4.12 Recommended production guardrails¶
| Guardrail | Why |
|---|---|
| Standardize startup command templates | Prevent accidental loopback bind regressions |
Add synthetic /health monitor | Detect warmup/forwarding issues quickly |
| Alert on startup probe timeout platform logs | Catch failures before customer reports |
| Add config drift checks in CI/CD | Verify bind and port settings pre-release |
4.13 Suggested continuous validation checklist¶
Before each deployment to Linux App Service:
- Validate startup command bind address is
0.0.0.0. - Validate listener port matches expected platform port (
8000in this lab). - Deploy and check
/healthexternally. - Query platform logs for startup probe anomalies in first 10 minutes.
- Record artifact snapshot for incident regression history.
Expected Evidence¶
This section defines what you SHOULD observe at each phase of the lab.
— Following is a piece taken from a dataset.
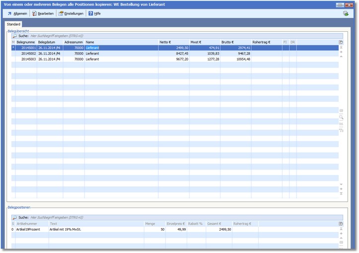 Hier wird beschrieben, wie Sie alle Positionen aus einem oder mehreren Belegen in den aktuellen Beleg kopieren können.

Use it to validate your investigation is on track.
Before Trigger (Baseline)¶
| Evidence Source | Expected State | What to Capture |
|---|---|---|
Deployment APIs (/api/zipdeploy, deployment status) | Deployment path succeeds (200/202) before runtime symptom appears | Deployment status responses and timestamps |
| Startup command config | Gunicorn is configured with loopback bind | gunicorn --bind=127.0.0.1:8000 --timeout=120 --workers=2 app:app |
| Baseline app config artifacts | App configuration shows intended runtime but bad bind target | baseline/startup-command.txt and baseline/app-config.json |
During Incident¶
| Evidence Source | Expected State | Key Indicator |
|---|---|---|
| AppServiceHTTPLogs | User traffic is not successfully forwarded | Only SCM/Kudu traffic appears or user-path requests fail/timeout |
| AppServiceConsoleLogs | App process starts but listens on localhost only | Listening at: http://127.0.0.1:8000 |
| AppServicePlatformLogs | Platform treats startup as failed due to unreachable warmup path | CancellingStartup, LastError: ContainerTimeout and probe-timeout messages |
After Recovery¶
| Evidence Source | Expected State | Key Indicator |
|---|---|---|
| Startup command config | Bind address corrected for platform reachability | --bind=0.0.0.0:8000 |
/health and diagnostics endpoints | Endpoint reachability restored | HTTP 200 responses resume |
| Postfix bind evidence | Runtime cmdline reflects corrected bind | gunicorn_bind_from_cmdline: 0.0.0.0:8000 |
Evidence Timeline¶
graph TD
A[Baseline Capture] --> B[Trigger Fault]
B --> C[During: Collect Evidence]
C --> D[After: Compare to Baseline]
D --> E[Verdict: Confirmed/Falsified] Evidence Chain: Why This Proves the Hypothesis¶
Falsification Logic
If you observe deployment success, console logs showing Gunicorn listening on 127.0.0.1:8000, and platform startup timeout/cancellation signals, the hypothesis is CONFIRMED because the app process is running but unreachable to the App Service forwarding/warmup path.
If you do NOT observe localhost-only bind evidence (for example bind is already 0.0.0.0), the hypothesis is FALSIFIED — consider alternatives such as wrong startup module, port mismatch, or image/runtime startup failure.